I use Ansible and love it. What really hooked me at first was the ansible_facts. One simple playbook would return a scathing amount of information about a given system. Early on I just saved the output and grep'd it for the key:value
pair I wanted. There's probably a better way to do that.
In the simplest configuration example, you keep an "inventory" of hosts you want to run Ansible on. It's something like:
[my_hosts]
host1.mydomain.com
host2.mydomain.com
...
Then you can run an Ansible "playbook" on my_hosts
and it will hit every host you have configured in that block. A playbook is just a YAML configuration containing commands, variables and formatting which Ansible understands. It's not a shell script. It's a "way" to tell Ansible what to do on a host. It took me a while to wrap my head around it.

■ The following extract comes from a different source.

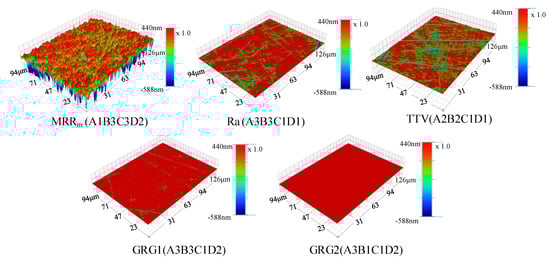The surface topographies of the optimal combination for MRRm (A1B3C3D2), Ra (A3B3C1D1), TTV (A2B2C1D1), GRG1 (A3B3C1D2), and GRG2 (A3B1C1D2).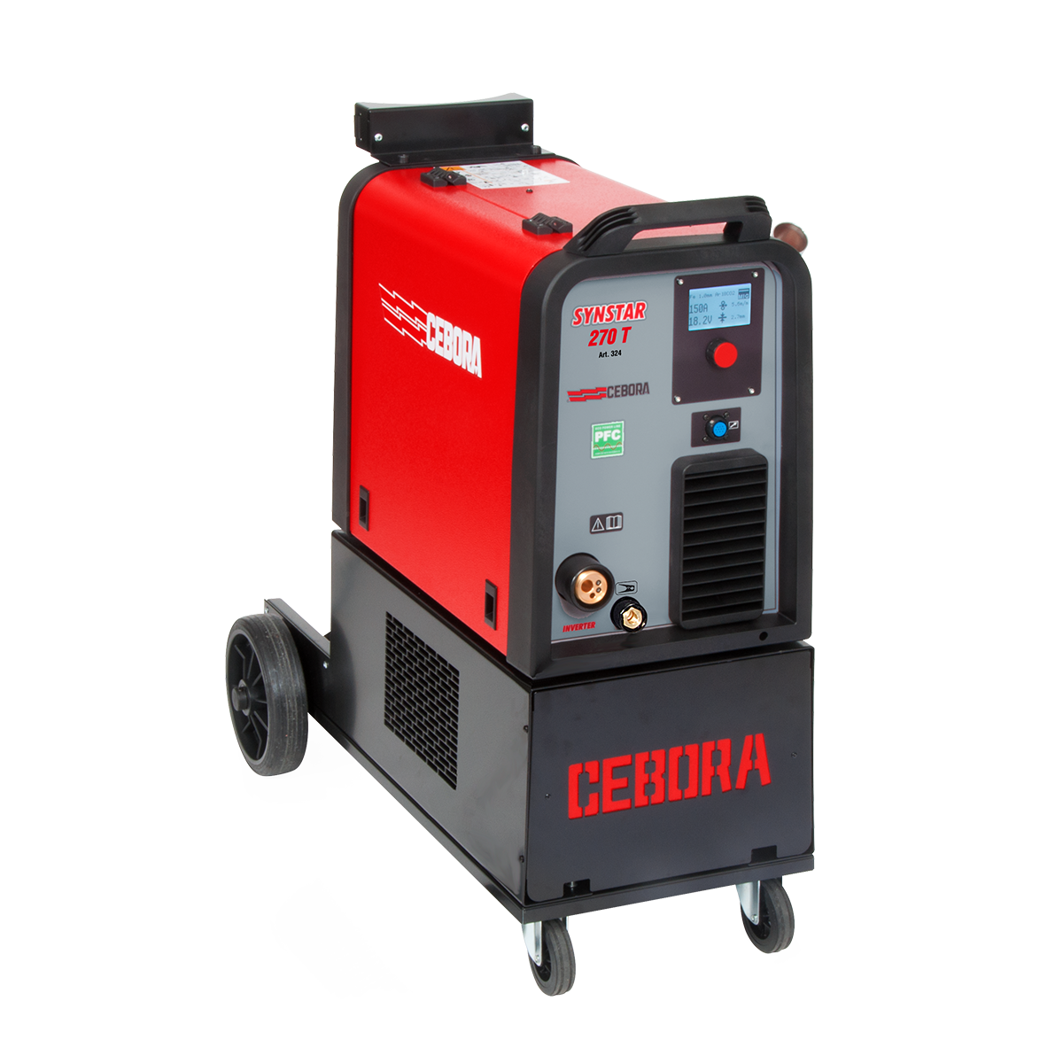 De MIG lasmachine is voorzien van een verrijdbaar onderstel, 4-rols draadaanvoermotor, euro connector, massakabel met klem en Cebora’s PFC module (Power Factor Correction) volgens de norm IEC/EN 61000-3-12. Dit zorgt voor minder stroomverbruik, hoger rendement, meer vermogen en hogere inschakelduur. Kortom: energiezuinige groene apparatuur!

Again, for simplicity sake, you can make a playbook that runs a shell command and run that playbook on every host. Here's an "uptime" playbook I used often.
---
- hosts: all
gather_facts: false
tasks:
- name: uptime for host
shell: uptime
register: output
- debug: var=output.stdout_lines
# print a formatted line for grep/sed mining
- debug: msg="grepme {{ inventory_hostname }}:{{ output.stdout_lines}}"
Things get way more involved that this but it's daunting to first get started. Keeping things simple with just shell commands can get your feet wet but once you get beyond simple things, you should look into more "Ansibly" ways of doing things which are more complex and harder to work with, but they do pay off.